Records from a dataset
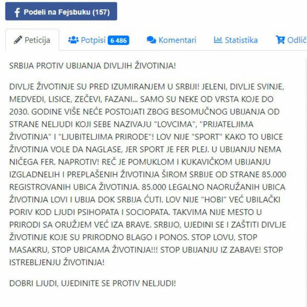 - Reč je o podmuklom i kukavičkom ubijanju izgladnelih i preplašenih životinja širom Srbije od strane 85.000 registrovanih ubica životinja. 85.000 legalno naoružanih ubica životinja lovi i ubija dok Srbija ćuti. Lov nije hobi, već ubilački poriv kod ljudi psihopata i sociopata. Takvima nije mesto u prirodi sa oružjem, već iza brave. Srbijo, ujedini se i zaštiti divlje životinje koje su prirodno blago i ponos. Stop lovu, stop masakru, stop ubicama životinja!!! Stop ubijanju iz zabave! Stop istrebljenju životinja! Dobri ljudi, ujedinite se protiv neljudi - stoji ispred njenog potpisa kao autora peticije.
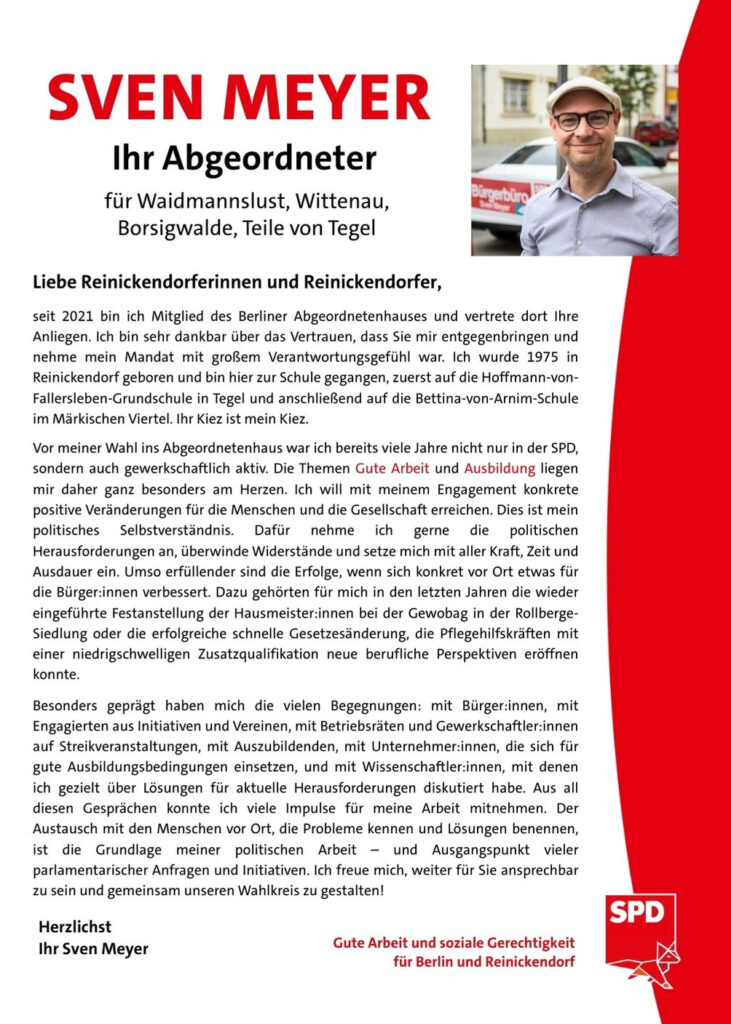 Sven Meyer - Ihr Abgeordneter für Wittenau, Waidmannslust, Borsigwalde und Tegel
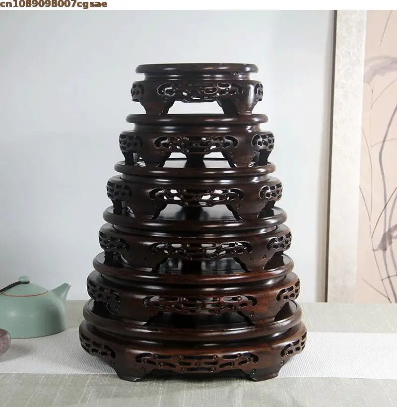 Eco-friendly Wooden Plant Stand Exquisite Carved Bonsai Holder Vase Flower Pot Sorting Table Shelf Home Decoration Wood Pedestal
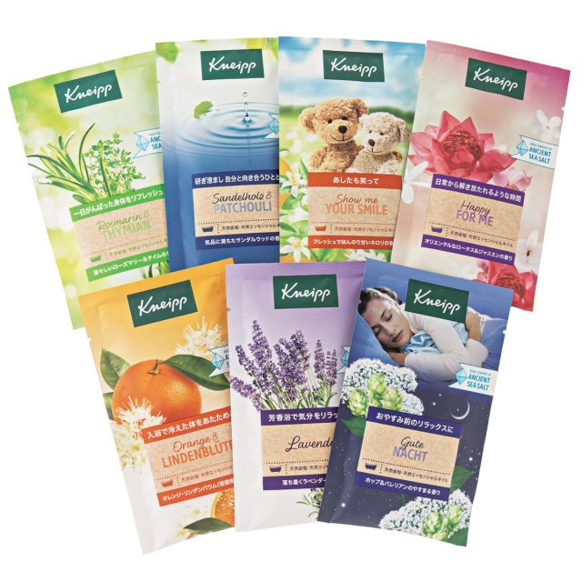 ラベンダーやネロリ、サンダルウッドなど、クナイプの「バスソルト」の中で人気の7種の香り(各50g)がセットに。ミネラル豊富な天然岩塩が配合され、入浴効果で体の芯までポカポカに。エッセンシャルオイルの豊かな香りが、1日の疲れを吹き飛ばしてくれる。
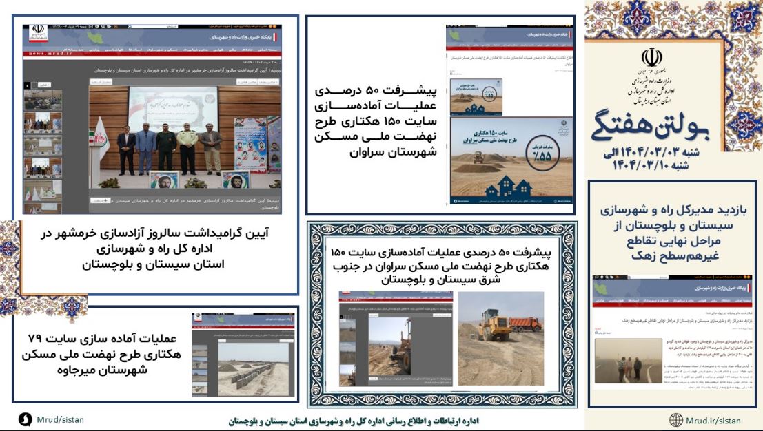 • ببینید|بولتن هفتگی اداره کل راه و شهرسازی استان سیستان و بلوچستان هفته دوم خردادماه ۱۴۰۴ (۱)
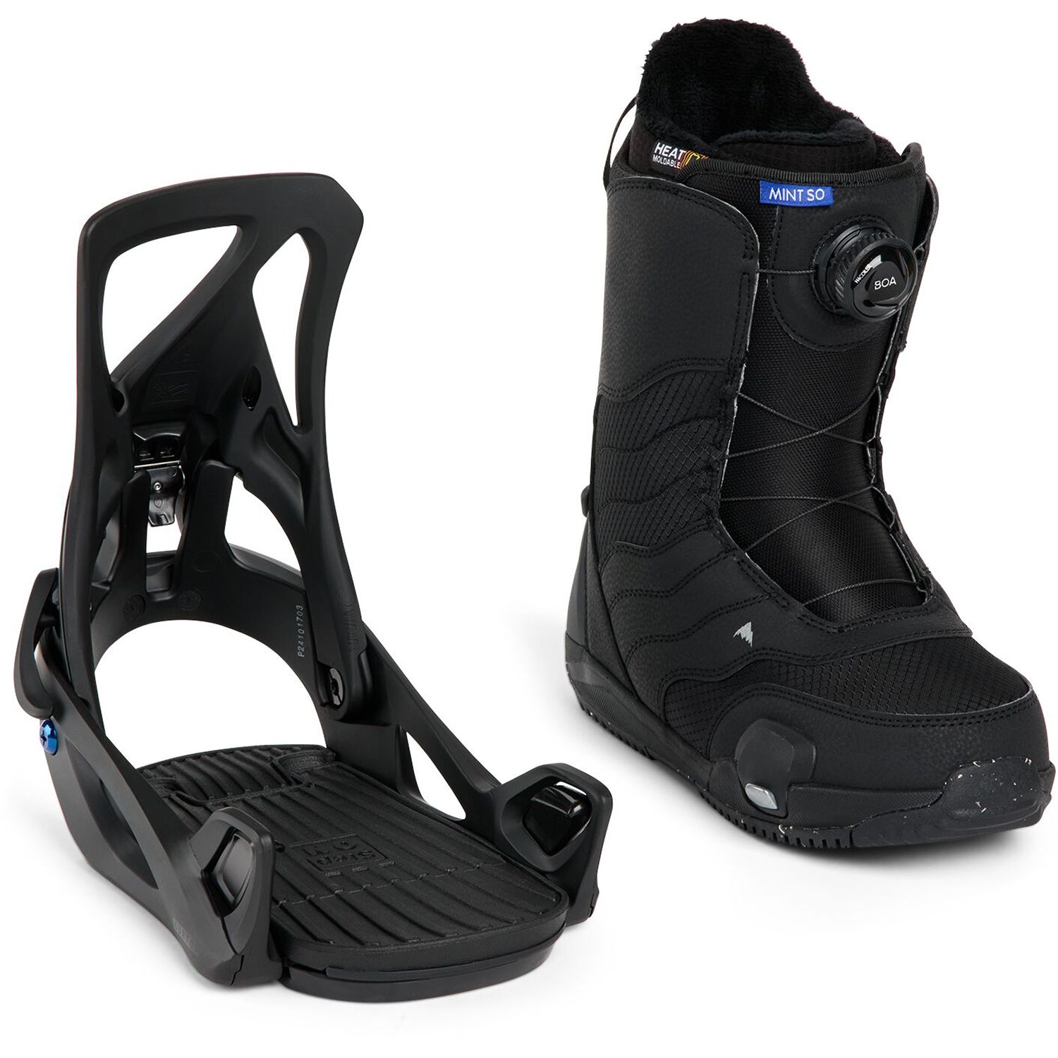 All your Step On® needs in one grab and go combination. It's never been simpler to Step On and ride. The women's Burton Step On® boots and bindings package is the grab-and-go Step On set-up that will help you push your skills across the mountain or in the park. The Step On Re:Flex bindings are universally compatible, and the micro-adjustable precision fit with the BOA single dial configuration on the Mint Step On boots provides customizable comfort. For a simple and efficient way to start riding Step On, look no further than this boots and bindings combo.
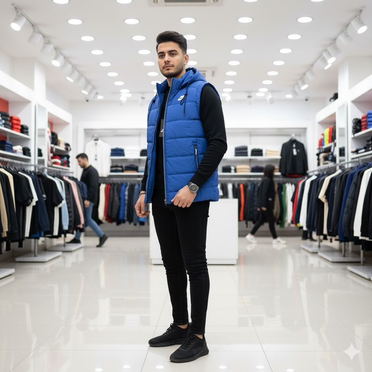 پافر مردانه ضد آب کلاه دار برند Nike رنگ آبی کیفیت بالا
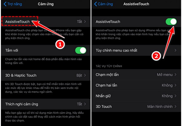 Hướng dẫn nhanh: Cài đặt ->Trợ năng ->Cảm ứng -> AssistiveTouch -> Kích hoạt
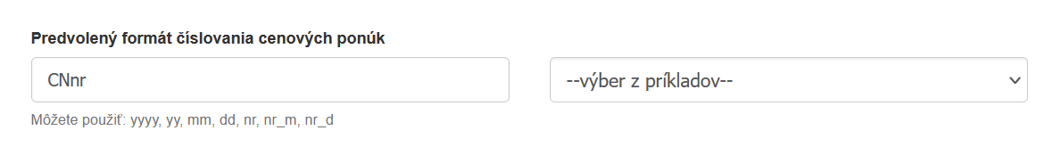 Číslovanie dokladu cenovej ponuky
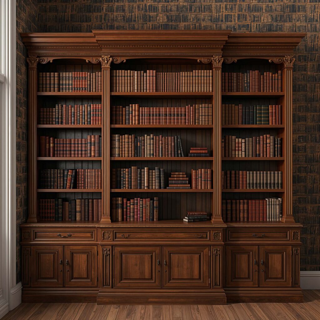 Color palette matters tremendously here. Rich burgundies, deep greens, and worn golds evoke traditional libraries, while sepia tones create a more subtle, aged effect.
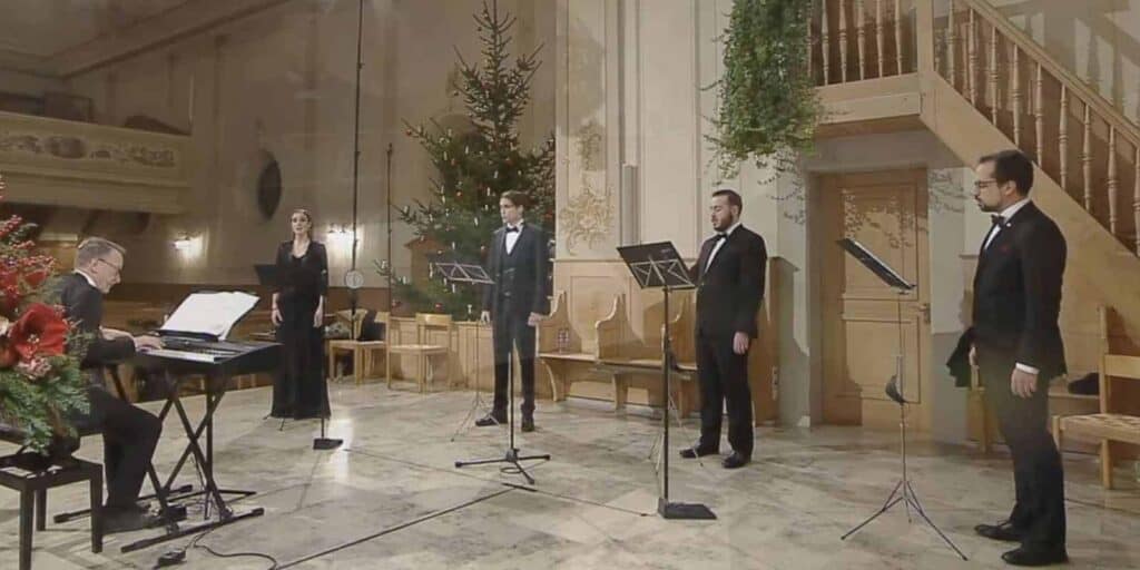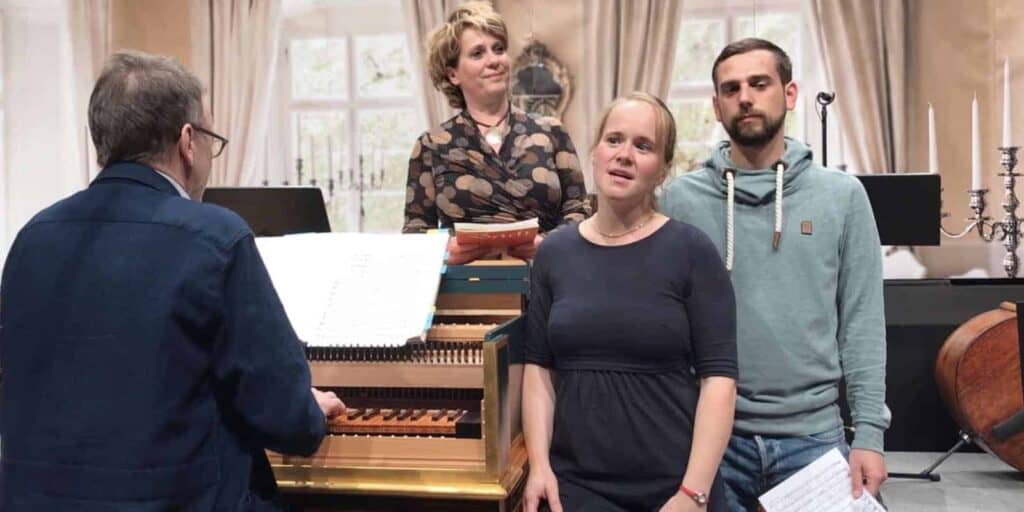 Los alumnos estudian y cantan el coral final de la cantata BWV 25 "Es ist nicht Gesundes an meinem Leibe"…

YOUR INSTRUCTIONS: Line by line, write out the data above exactly, without the pictures.

OUTPUT:
 - Reč je o podmuklom i kukavičkom ubijanju izgladnelih i preplašenih životinja širom Srbije od strane 85.000 registrovanih ubica životinja. 85.000 legalno naoružanih ubica životinja lovi i ubija dok Srbija ćuti. Lov nije hobi, već ubilački poriv kod ljudi psihopata i sociopata. Takvima nije mesto u prirodi sa oružjem, već iza brave. Srbijo, ujedini se i zaštiti divlje životinje koje su prirodno blago i ponos. Stop lovu, stop masakru, stop ubicama životinja!!! Stop ubijanju iz zabave! Stop istrebljenju životinja! Dobri ljudi, ujedinite se protiv neljudi - stoji ispred njenog potpisa kao autora peticije.
 Sven Meyer - Ihr Abgeordneter für Wittenau, Waidmannslust, Borsigwalde und Tegel
 Eco-friendly Wooden Plant Stand Exquisite Carved Bonsai Holder Vase Flower Pot Sorting Table Shelf Home Decoration Wood Pedestal
 ラベンダーやネロリ、サンダルウッドなど、クナイプの「バスソルト」の中で人気の7種の香り(各50g)がセットに。ミネラル豊富な天然岩塩が配合され、入浴効果で体の芯までポカポカに。エッセンシャルオイルの豊かな香りが、1日の疲れを吹き飛ばしてくれる。
 • ببینید|بولتن هفتگی اداره کل راه و شهرسازی استان سیستان و بلوچستان هفته دوم خردادماه ۱۴۰۴ (۱)
 All your Step On® needs in one grab and go combination. It's never been simpler to Step On and ride. The women's Burton Step On® boots and bindings package is the grab-and-go Step On set-up that will help you push your skills across the mountain or in the park. The Step On Re:Flex bindings are universally compatible, and the micro-adjustable precision fit with the BOA single dial configuration on the Mint Step On boots provides customizable comfort. For a simple and efficient way to start riding Step On, look no further than this boots and bindings combo.
 پافر مردانه ضد آب کلاه دار برند Nike رنگ آبی کیفیت بالا
 Hướng dẫn nhanh: Cài đặt ->Trợ năng ->Cảm ứng -> AssistiveTouch -> Kích hoạt
 Číslovanie dokladu cenovej ponuky
 Color palette matters tremendously here. Rich burgundies, deep greens, and worn golds evoke traditional libraries, while sepia tones create a more subtle, aged effect.
 Los alumnos estudian y cantan el coral final de la cantata BWV 25 "Es ist nicht Gesundes an meinem Leibe"…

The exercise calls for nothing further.